На Канатчикову дачу…»[1]

Однако не все современники футуристов были готовы упечь скандальных молодых литераторов в сумасшедший дом. В текстах, представленных в нашем сборнике, вопрос о сумасшествии и творчестве разрешался по-разному. Строгий психиатр Евгений Петрович Радин (1872–1939) анализировал с точки зрения психопатологии не только личность футуристов, но и их художественный мир. Тем не менее, как настоящий представитель цеха психиатров, после самоубийства поэта-футуриста Игнатьева[2] Радин предлагал футуристов лечить. Критик Александр Карлович Закржевский (1886–1916), напротив, считал, что безумие футуристов чисто поэтическое, не выходящее за рамки литературных деклараций и часто даже позерское, формалистское. Это однако не помешало ему положительно отозваться об искренних проблесках «над-сознательного» в футуристской поэзии и освободительном потенциале футуризма. Николай Викторович Вавулин (1881-?) предлагал расширить рамки «нормальности» и прямо говорил, что многие «высшие» безумцы куда прогрессивнее обычных здоровых людей. Вавулин также обращался к теме тюремщика-психиатра, опасного соперника талантливого безумца, антагониста психиатрической драмы. Эта тема спустя всего лишь пару десятилетий разовьется в полноценный психологический триллер, например, в фильмах Фрица Ланга о докторе Мабузе или «Кабинете доктора Калигари» Роберта Вине.

Психиатрия и литература занимались почти одним и тем же – изучали человеческую душу и ее связь с реальностью – но использовали для этого разные инструменты и преследовали разные цели. Зигмунд Фрейд признавался, что всегда следовал за литературой: именно художники слова раньше других подметили те чертежи, по которым строится наша психика. Сложно определить, кому мы более обязаны термином «эдипов комплекс»: Фрейду или Софоклу, но у античного трагика двадцать пять веков форы.
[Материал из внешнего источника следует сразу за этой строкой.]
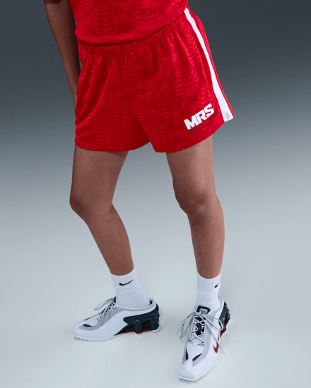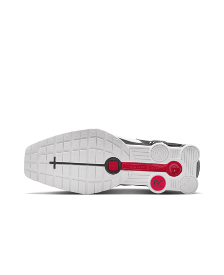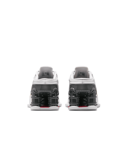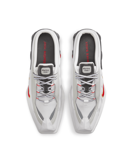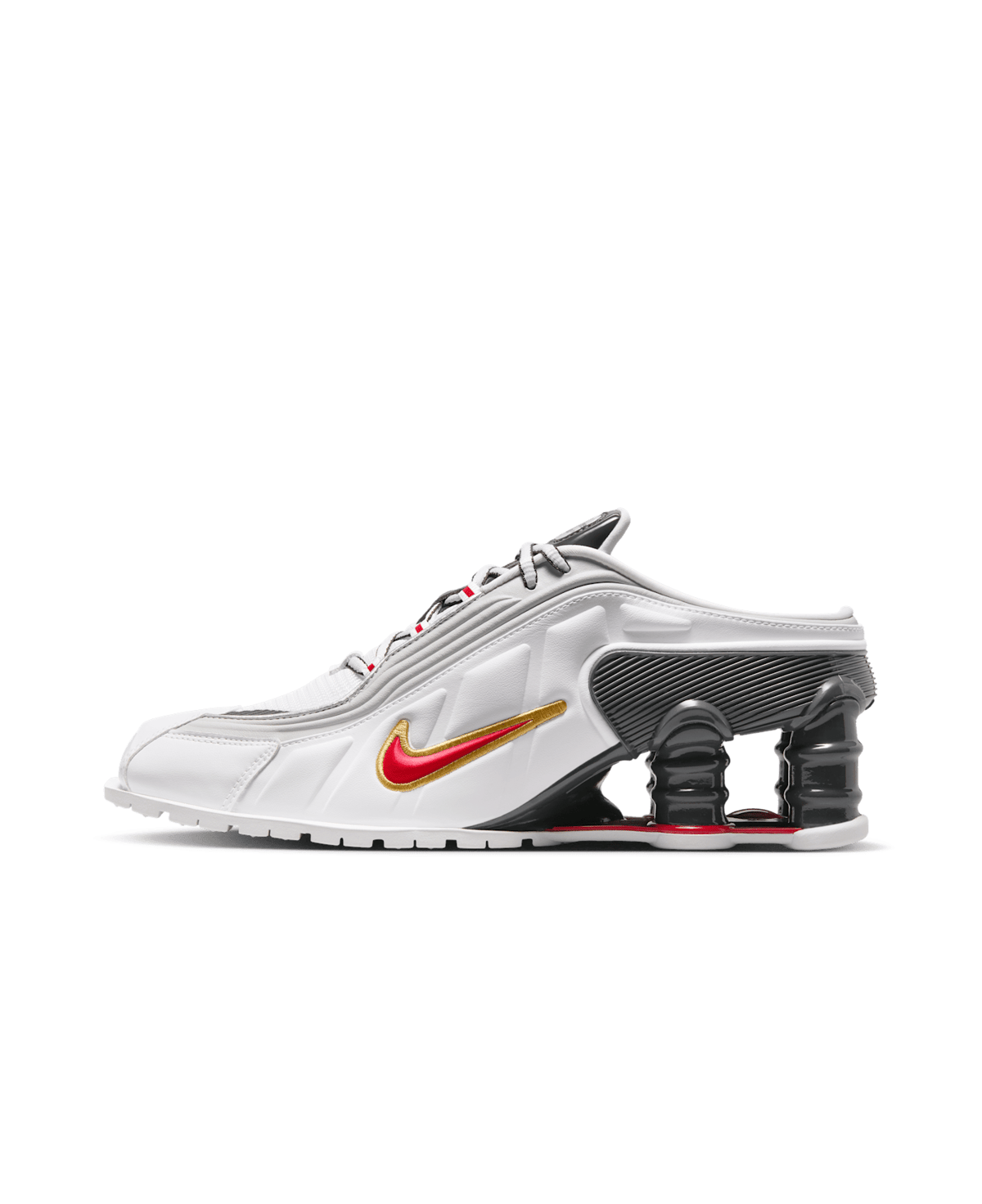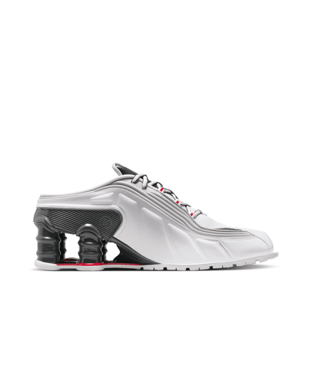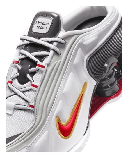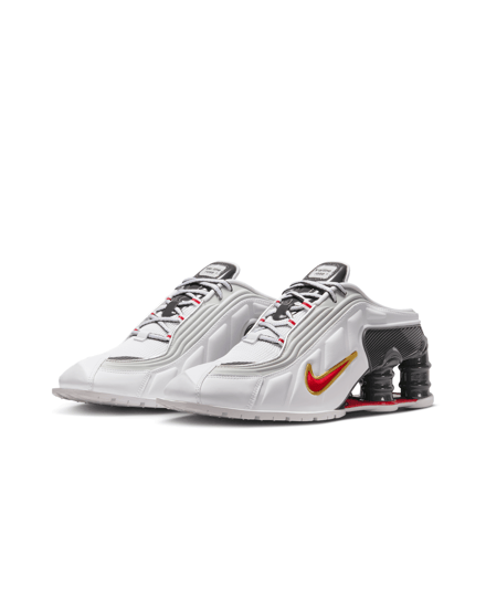 コラボシューズは引き続き「ショックス MR4(SHOX MR4)」をベースに採用。サッカーギアを着想源に、ドレスシューズの要素とスポーティーな感覚を組み合わせ、ミュールのシルエットとヒールを支える柱状のデザインを採用しスクエアトゥ型に仕上げた。アッパーは光沢のあるホワイトカラーが特徴で、バーシティレッドとゴールドのスウォッシュが配されている。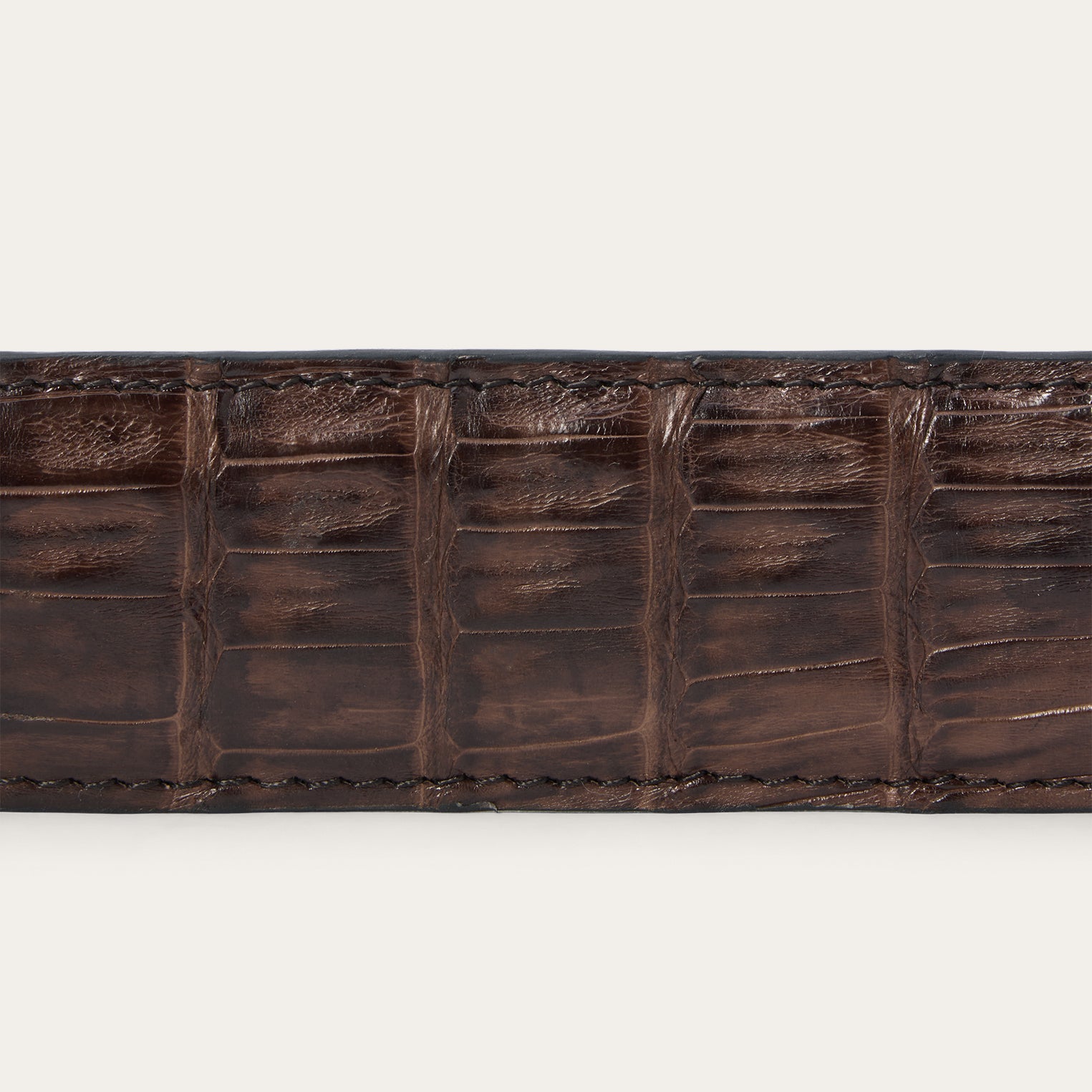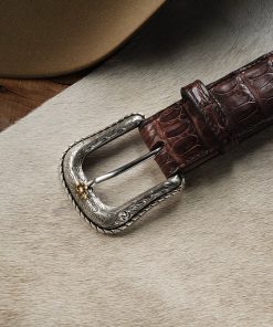 Crafted from genuine Caiman leather, this belt has a 1 ½” wide cigar classic Caiman leather strap with western tabs. It features seven holes on the point end to ensure a proper fit for all body types and is finished with a two-tone Stetson buckle. Combining timeless western style with statement-making luxury materials, each of our exotic belts embodies our legendary commitment to quality and attention to detail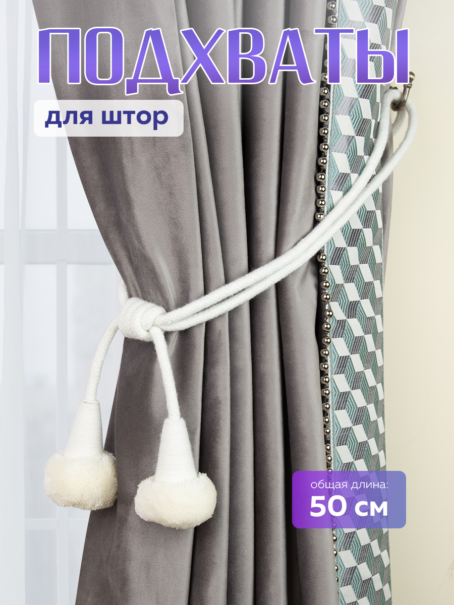 Подхваты для штор "Mirtex", с помпонами, молочный, 50х5.5см, 1шт информация:

Тем не менее, и литература, и психиатрия как наука столкнулись с воздействием третьей силы, без которой не обходится жизнь, – с норматизирующим воздействием общества и государства, которые всегда лучше отдельных индивидов знают, о чем необходимо писать и говорить, как себя вести, какие темы поднимать и как выглядеть. Институт психиатрии как клиники, по словам М. Фуко, появился в XVIII веке – как раз тогда, когда возникла потребность в новых рабочих руках – и в безумцы оказались записаны все, кто так или иначе возмущал общественный покой: среди симптомов сумасшествия были «вольнодумство, «дурное поведение», «отсутствие всякого религиозного чувства», «отказ ходить к мессе»[3]. С эпохой Просвещения противоречие между требованием безусловной интеллектуальной свободы индивида и попытками государства контролировать своих подданных стало одним из важнейших в философии.

Безумие романтическое

Поэты чувствовали на себе недобрый взгляд почтенных массовых читателей – неслучайно главным врагом ранних романтиков стали не черти и демоны, которых, если верить Гофману, Шамиссо и Гёте, часто по неосторожности призывали немецкие студенты, а вездесущий добряк-филистер – самый обычный здравомыслящий человек, который не видит никаких духов и чертей, тот, кого современные психиатры назвали бы абсолютно психически нормальным.

Проект романтиков был сконцентрирован на обновлении истрепавшегося языка классической литературы – и в этом смысле они были предтечами поэтов-новаторов начала XX века. Как и футуристы, они сталкивались с недоумением современников и выстроили целую концепцию поэтического «провидчества», которое выделяло поэта среди простых смертных. Классическое «школьное» стихотворение Лермонтова «В полдневный жар в долине Дагестана» – пример такого галлюцинаторного ясновидения: умирающий герой видит «вечерний пир в родимой стороне», а его возлюбленная в тот же момент – «знакомый труп» посреди чужой пустыни.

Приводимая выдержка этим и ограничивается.